Favorite Color Prediction

Task type: MulticlassClassificationTask Industry: Retail / Fashion

This recipe predicts a customer's preferred product color based on their purchase history. The output is a probability distribution across a defined set of colors, useful for personalized product recommendations, homepage merchandising, and targeted email campaigns.

How does this work? The model counts how many items of each color the customer purchases in the future window, normalizes the counts into a distribution, and learns to predict it from historical behavior.


Prerequisites

Before writing a target function you need:

  • A trained foundation model built on event data that includes a transactions data source with a Colour column (or equivalent).
  • The monad library installed in your environment (for Python App).

Target Function

Argument Type Description
history Events All events before the temporal split.
future Events All events after the temporal split.
attributes Attributes Static entity attributes.
ctx Dict Context dictionary containing SPLIT_TIMESTAMP, data mode, etc.

For multiclass classification, the function must return one of:

  • A 1-D float32 array of size num_classes — normalized purchase counts across the target colors.
  • Noneexclude this customer from training.

Full Example

Python
import numpy as np
from datetime import timedelta
from typing import Dict

from monad.ui.target_function import Events, Attributes
from monad.ui.target_function import SPLIT_TIMESTAMP
from monad.ui.target_function import has_incomplete_training_window



# === Configuration ===
TARGET_WINDOW_DAYS = 21
TRANSACTION_DATA_SOURCE = "transactions"
COLOR_COLUMN = "Colour"
TARGET_COLORS = [
    "Red", "Blue", "Green", "Yellow", "Purple", "Orange",
    "Pink", "Brown", "Black", "White", "Gray", "Teal",
]


def favourite_color_target_fn(
    history: Events,
    future: Events,
    attributes: Attributes,
    ctx: Dict,
) -> np.ndarray | None:
    """Return a normalized color-purchase distribution for the customer."""

    # 1. Ensure the training window is long enough
    target_window = timedelta(days=TARGET_WINDOW_DAYS)
    if has_incomplete_training_window(ctx, target_window):
        return None

    # 2. Trim future events to the target window
    future = future.interval_from(ctx[SPLIT_TIMESTAMP], target_window)

    # 3. Count purchases per color, normalized to a probability distribution
    color_distribution, _ = (
        future[TRANSACTION_DATA_SOURCE]
        .groupBy(COLOR_COLUMN)
        .count(normalize=True, groups=TARGET_COLORS)
    )

    return color_distribution
Python
def favourite_color_target_fn(
    history: target_function.Events,
    future: target_function.Events,
    attributes: target_function.Attributes,
    ctx: Dict,
) -> np.ndarray | None:
    """Return a normalized color-purchase distribution for the customer."""
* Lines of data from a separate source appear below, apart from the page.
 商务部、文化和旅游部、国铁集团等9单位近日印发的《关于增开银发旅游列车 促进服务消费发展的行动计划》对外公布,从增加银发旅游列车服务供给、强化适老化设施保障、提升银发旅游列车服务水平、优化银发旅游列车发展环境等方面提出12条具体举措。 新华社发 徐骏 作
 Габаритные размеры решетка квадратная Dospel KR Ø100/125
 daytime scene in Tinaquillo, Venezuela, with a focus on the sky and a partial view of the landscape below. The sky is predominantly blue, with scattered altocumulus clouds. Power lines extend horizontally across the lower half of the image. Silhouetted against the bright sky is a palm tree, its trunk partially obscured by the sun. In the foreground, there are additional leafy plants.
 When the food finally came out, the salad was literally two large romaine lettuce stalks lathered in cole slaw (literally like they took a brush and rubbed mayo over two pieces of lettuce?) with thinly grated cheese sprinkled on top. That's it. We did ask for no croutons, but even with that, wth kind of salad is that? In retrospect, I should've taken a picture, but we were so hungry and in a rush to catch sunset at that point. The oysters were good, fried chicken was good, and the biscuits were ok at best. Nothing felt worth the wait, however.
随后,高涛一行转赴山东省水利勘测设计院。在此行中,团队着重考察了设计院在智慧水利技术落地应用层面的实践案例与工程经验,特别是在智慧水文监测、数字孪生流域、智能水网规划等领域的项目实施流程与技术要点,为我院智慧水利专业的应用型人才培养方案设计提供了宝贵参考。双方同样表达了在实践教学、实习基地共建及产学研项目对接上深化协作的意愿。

    # === Configuration ===
    TARGET_WINDOW_DAYS = 21
    TRANSACTION_DATA_SOURCE = "transactions"
    COLOR_COLUMN = "Colour"
    TARGET_COLORS = [
        "Red", "Blue", "Green", "Yellow", "Purple", "Orange",
        "Pink", "Brown", "Black", "White", "Gray", "Teal",
    ]

    # 1. Ensure the training window is long enough
    target_window = timedelta(days=TARGET_WINDOW_DAYS)
    if target_function.has_incomplete_training_window(ctx, target_window):
        return None

    # 2. Trim future events to the target window
    future = future.interval_from(ctx[target_function.SPLIT_TIMESTAMP], target_window)
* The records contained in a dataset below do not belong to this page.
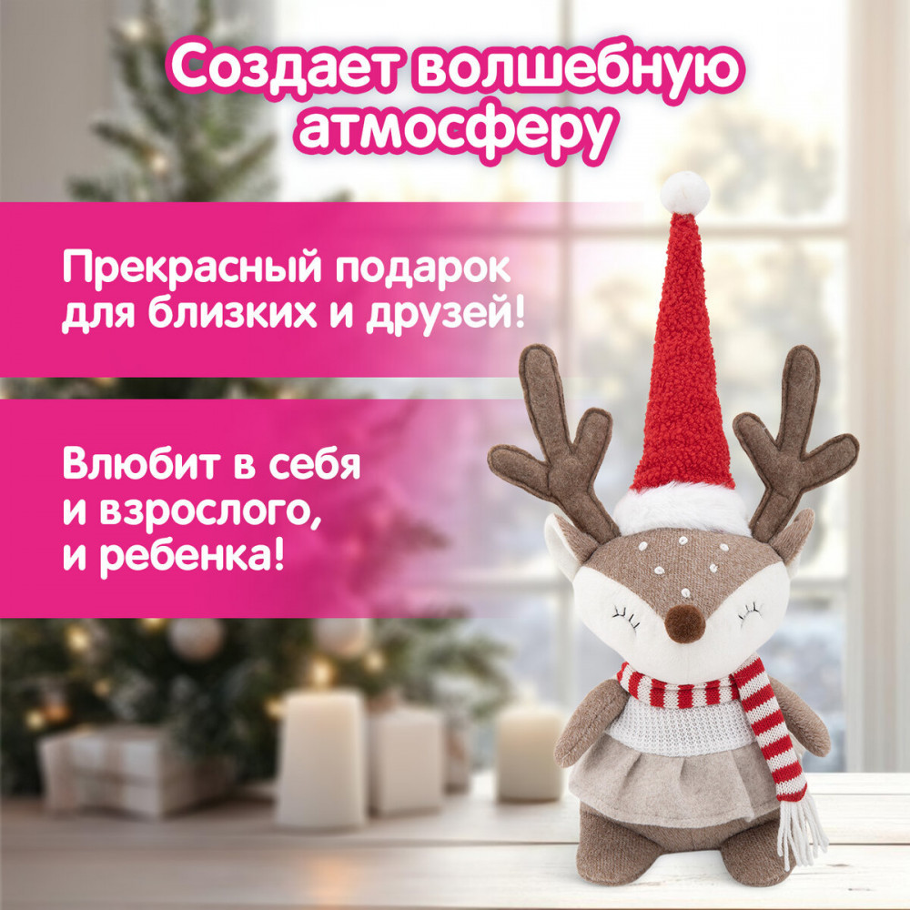 Вдохните жизнь в Ваш дом с интерьерной куклой «Веселый оленёнок»! Эта очаровашка станет незаменимым элементом Вашего новогоднего декора. Она одета в симпатичный колпачок и шарфик, а ее юбочка добавляет особого шарма. Малышка станет настоящим центром внимания в Вашем интерьере и поднимет настроение всем членам семьи.
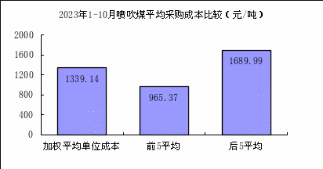 噴吹煤10月份加權平均折算成幹基的采購成本為1252.09元/噸,環比升高110.77元/噸,升幅為9.71%。1—10月累計平均折算成幹基的采購成本為1339.14元/噸,同比下降304.77元/噸,降幅為18.54%。
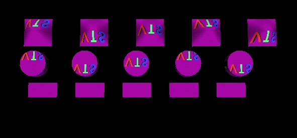 | 23 | <meta name='description' content='Test MovieTexture translation along t axis for complex geometry. Test browser ability to apply translations of (left to right) 0 -100.75, 0 -23.25, 0 0, 0 23.25, and 0 100.75 to a MovieTexture mapped to the faces of complex geometry, using default complex geometry mapping rules. The result is (for the bottom face of the ElevationGrid, the side and bottom end cap of the Extrusion, and the front of the IndexedFaceSet): The left column shows primitive geometry mapped with the VTS logo horizontally centered on these faces, with the VTS logo appearing at the bottom of all geometry faces. The second column shows a horizontally centered logo with the VTS logo at the top of all geometry faces. The third column shows a vertically and horizontally centered VTS logo on these faces. The fourth column should be identical to column #1. The fifth column should appear identical to column #2. Opposite geometry faces should show reversed mapping, and side faces for the IndexedFaceSet should show smeared end pixels of the front and back faces.'/> |

    # 3. Count purchases per color, normalized to a probability distribution
    color_distribution, _ = (
        future[TRANSACTION_DATA_SOURCE]
        .groupBy(COLOR_COLUMN)
        .count(normalize=True, groups=TARGET_COLORS)
    )

    return color_distribution

Step-by-Step Breakdown

① Validate the training window

Python
target_window = timedelta(days=TARGET_WINDOW_DAYS)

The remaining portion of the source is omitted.